┌──

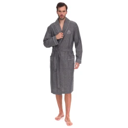 Štýlový a pohodlný pánsky župan 2532 je ideálnou voľbou pre mužov, ktorí oceňujú eleganciu a pohodlie. Je vyrobený zo 100 % mäkkej, priedušnej bavlny a poskytuje príjemné teplo a úplné pohodlie. Klasický strih so šálovým golierom a jemným lemovaním mu dodáva nadčasový charakter. Župan v tlmenej sivej far be je ideálny na chladné rána a večery, po kúpeli alebo pri relaxácii doma. Ideálny darček pre muža, ktorý oceňuje štýl a kvalitu.
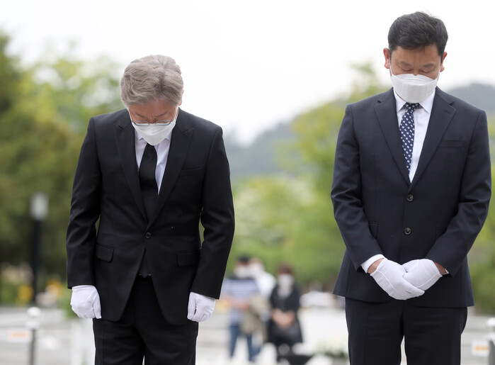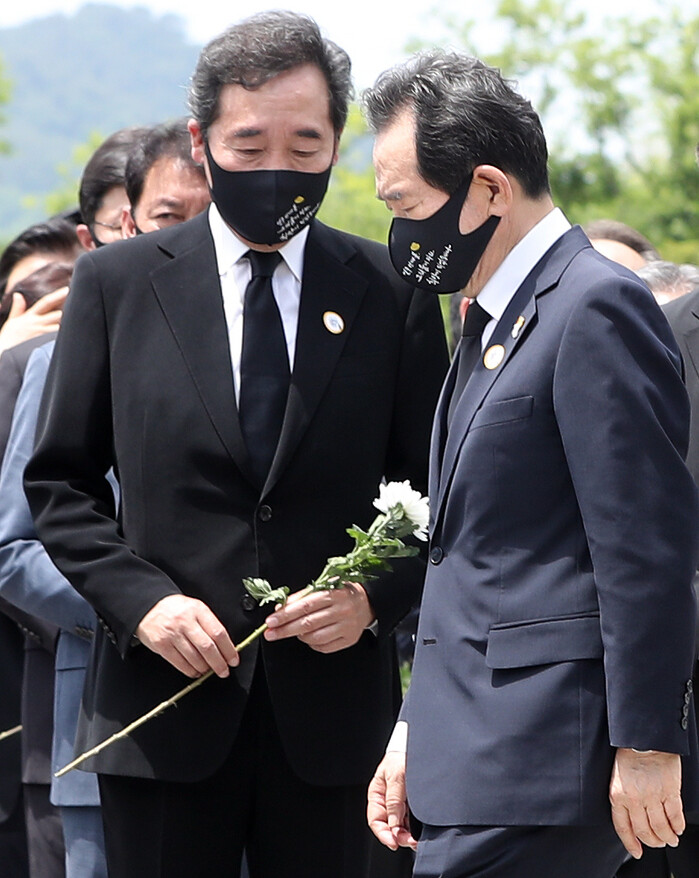 ▲ 23일 오전 경남 김해시 진영읍 봉하마을에서 열린 노무현 전 대통령 서거 12주기 추도식에서 헌화를 마친 정세균 전 총리(오른쪽)가 헌화 순서를 기다리는 이낙연 전 총리 앞으로 이동하고 있다. [김해=연합뉴스]
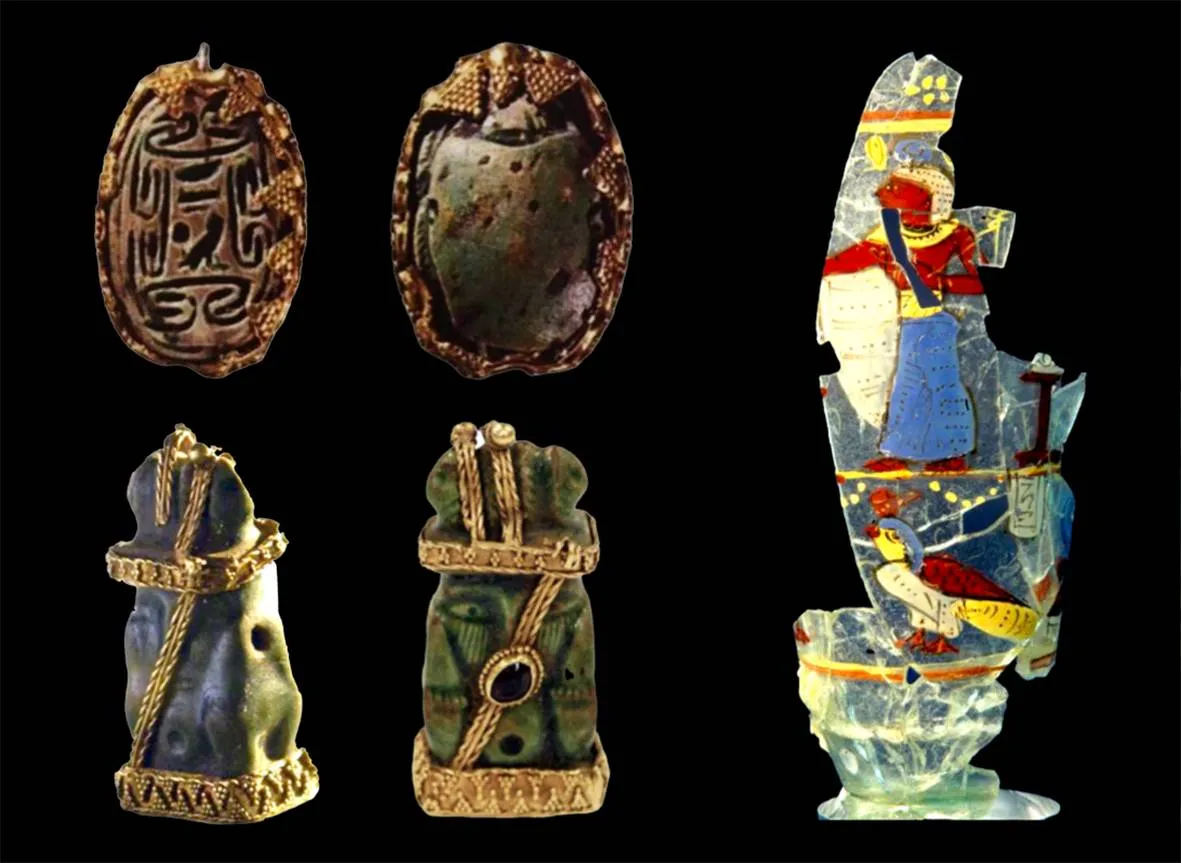 إلى جانب هذا الإناء، تحضر قطعتان منمنمتان من الخزف والذهب من النوع المصري، عُثر عليهما في عام 1982. القطعة الأولى خزفية بيضاوية يحيط بها إطار من الذهب، طولها 1.5 سنتيمتر، وهي على شكل ما تُعرف بـ«حشرة الجُعل»، وتتبع تقليداً راج استخدامه بشكل واسع بوصفه تميمة واقية من الشر. تُزيّن هذا الحجر كتابة منقوشة تحاكي الكتابة الهيروغليفية، وفيها يظهر «حورس» صقراً في وسط التأليف. وتُظهر قراءة هذه الكتابة أنها شكّلية فحسب، مما يوحي بأن هذه التميمة صُنعت على الطريقة المصرية خارج وادي النيل، ودخلت إلى هذه الناحية من الجزيرة العربية من الخارج، كما دخلت مثيلاتها نواحي عدة من الساحل الخليجي، في الكويت والبحرين وعُمان.
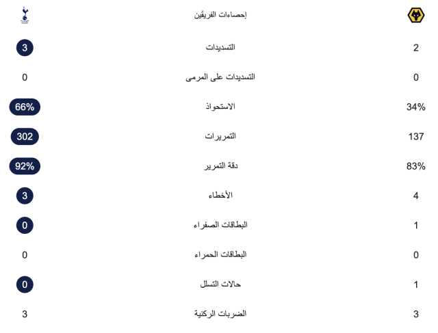 إحصائيات الشوط الأول:
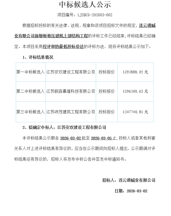 連云港堿業有限公司新增板框壓濾機上部結構工程中標候選人公示
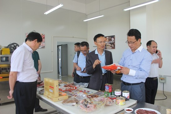 药学与生物工程学院肉类研发平台调研。在校领导赵钢教授、副院长郭晓强教授陪同下,景世刚副厅长一行考察了依托于学院的省重点实验室、工程中心、产业研究院等肉类研发平台,与研发平台专家教授、科技处(地方服务处)、药学与生物工程学院负责人等进行了座谈。
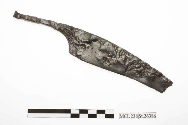 Lama in ferro a dorso incurvato, forse di cesoie.

└──

**REQUIREMENT**
From the first line to the last, repeat the data above exactly and leave the pictures out.

**WRITTEN ANSWER**
 Štýlový a pohodlný pánsky župan 2532 je ideálnou voľbou pre mužov, ktorí oceňujú eleganciu a pohodlie. Je vyrobený zo 100 % mäkkej, priedušnej bavlny a poskytuje príjemné teplo a úplné pohodlie. Klasický strih so šálovým golierom a jemným lemovaním mu dodáva nadčasový charakter. Župan v tlmenej sivej far be je ideálny na chladné rána a večery, po kúpeli alebo pri relaxácii doma. Ideálny darček pre muža, ktorý oceňuje štýl a kvalitu.
 ▲ 23일 오전 경남 김해시 진영읍 봉하마을에서 열린 노무현 전 대통령 서거 12주기 추도식에서 헌화를 마친 정세균 전 총리(오른쪽)가 헌화 순서를 기다리는 이낙연 전 총리 앞으로 이동하고 있다. [김해=연합뉴스]
 إلى جانب هذا الإناء، تحضر قطعتان منمنمتان من الخزف والذهب من النوع المصري، عُثر عليهما في عام 1982. القطعة الأولى خزفية بيضاوية يحيط بها إطار من الذهب، طولها 1.5 سنتيمتر، وهي على شكل ما تُعرف بـ«حشرة الجُعل»، وتتبع تقليداً راج استخدامه بشكل واسع بوصفه تميمة واقية من الشر. تُزيّن هذا الحجر كتابة منقوشة تحاكي الكتابة الهيروغليفية، وفيها يظهر «حورس» صقراً في وسط التأليف. وتُظهر قراءة هذه الكتابة أنها شكّلية فحسب، مما يوحي بأن هذه التميمة صُنعت على الطريقة المصرية خارج وادي النيل، ودخلت إلى هذه الناحية من الجزيرة العربية من الخارج، كما دخلت مثيلاتها نواحي عدة من الساحل الخليجي، في الكويت والبحرين وعُمان.
 إحصائيات الشوط الأول:
 連云港堿業有限公司新增板框壓濾機上部結構工程中標候選人公示
 药学与生物工程学院肉类研发平台调研。在校领导赵钢教授、副院长郭晓强教授陪同下,景世刚副厅长一行考察了依托于学院的省重点实验室、工程中心、产业研究院等肉类研发平台,与研发平台专家教授、科技处(地方服务处)、药学与生物工程学院负责人等进行了座谈。
 Lama in ferro a dorso incurvato, forse di cesoie.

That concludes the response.